# Meet Meg, our 6-month-old Collie puppy



## CarmeeKitty (Feb 22, 2008)

In February, we got a collie puppy named Nutmeg (we call her Meg). She was 3 1/2 months when we got her, and now she's almost 6 months and growing fast! She's very sweet, pretty calm (though she does enjoy a good playing session), and gentle, but has a tendency to steal treats from her treat cabinet! I thought I'd share some pictures. 

































Continuing in the next post...


----------



## CarmeeKitty (Feb 22, 2008)

Continuing in next post...


----------



## CarmeeKitty (Feb 22, 2008)

^ Meg as a little puppy








^ Meg on her bed with her friend, a Goldendoodle.


----------



## sheltiemom (Mar 13, 2007)

She's gorgeous! I love color headed whites....I guess they call them that in collies too?


----------



## CarmeeKitty (Feb 22, 2008)

Thank you!  She's flattered.
The breeder called her a white-sable, but maybe they refer to them as color-headed whites, too, I'm not sure...


----------



## borzoimom (May 21, 2007)

She is pretty! Is she spayed yet?


----------



## CarmeeKitty (Feb 22, 2008)

No.  She'll be getting spayed next Friday. (not tomorrow, but the week after that, May 2) I'm so worried for her! Poor thing...we've had cats spayed before, but this is our first dog, so we're not 100% sure of what to expect.


----------



## Razman (Apr 16, 2008)

OMG What a sweet face, that's a good looking pooch!


----------



## CarmeeKitty (Feb 22, 2008)

Thank you!


----------



## borzoimom (May 21, 2007)

Aww she will be fine.. I love her coloring.


----------



## CarmeeKitty (Feb 22, 2008)

I'm a little worried about her because, even if we go upstairs without her, she'll lay by the door until we get back. And when we go outside without her, she whines at the door. I hope she doesn't get scared/lonely overnight! She's so sensitive. 

Thank you though! Meg loves all the compliments. Your doggies are pretty too!


----------



## Squeeker (Dec 15, 2007)

She's an adorable girl!

We just had our pup spayed two weeks ago,and like you, it was our first dog spay experience. We were worried about her for the same reasons you are, but believe me, she was so dopey from the meds that she had no idea where she was. She came home and was back to her old self in a couple days, and was completely unaffected from the experience.


----------



## CarmeeKitty (Feb 22, 2008)

Oh! Good to know! -relief- I'm glad your puppy is feeling better, and I'll let everyone around here know what you said! That's very reassuring! 

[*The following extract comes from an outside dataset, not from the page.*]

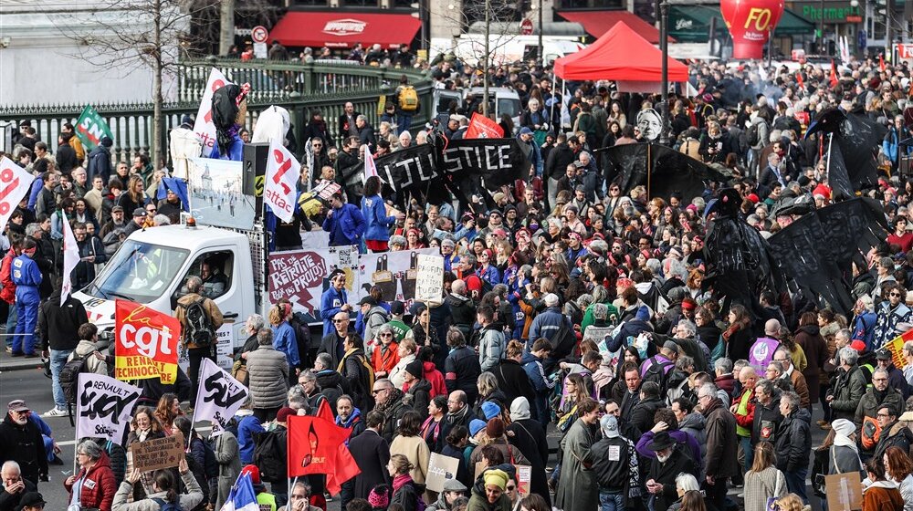 Sindikati su šesti put od početka godine proglasili Dan štrajkova i demonstracija širom zemlje, sa ciljem da ponove veliku izlaznost viđenu na prvom velikom protestu, 19. januara, kada je više od milion ljudi marširalo protiv promena penzione politike .

And thank you for the compliment, says Meg!


----------



## ChrissyBz (Aug 10, 2007)

She's beautiful. Welcome.


ETA: We have 6 bitches, all spayed. No problems with any of them.


----------



## Rough_Collies2008 (Jan 4, 2008)

She is beautiful! Love her coloring as well! Looks like a complete doll too!


----------



## CarmeeKitty (Feb 22, 2008)

Thank you, to both of you! Your doggies are also very pretty!


----------



## ChrissyBz (Aug 10, 2007)

Carmee, I should add, that while we did not have any problems with any of the spays, or with any of the other dogs we've had over the years. 

Pepper has developed spay incontinence, but that's a minor inconvenience to me. We manage it with alfalfa and it doesn't really seem to impact her quality of life or ours.

Out of the maybe 20 bitches we've had she is the only one. I'd say the risk is pretty low.


----------



## Rowdy (Sep 2, 2007)

She's adorable. Congrats. I love her coloring.


----------



## 5 s corral (Dec 31, 2007)

Shes beautiful i love her markings 

jamie


----------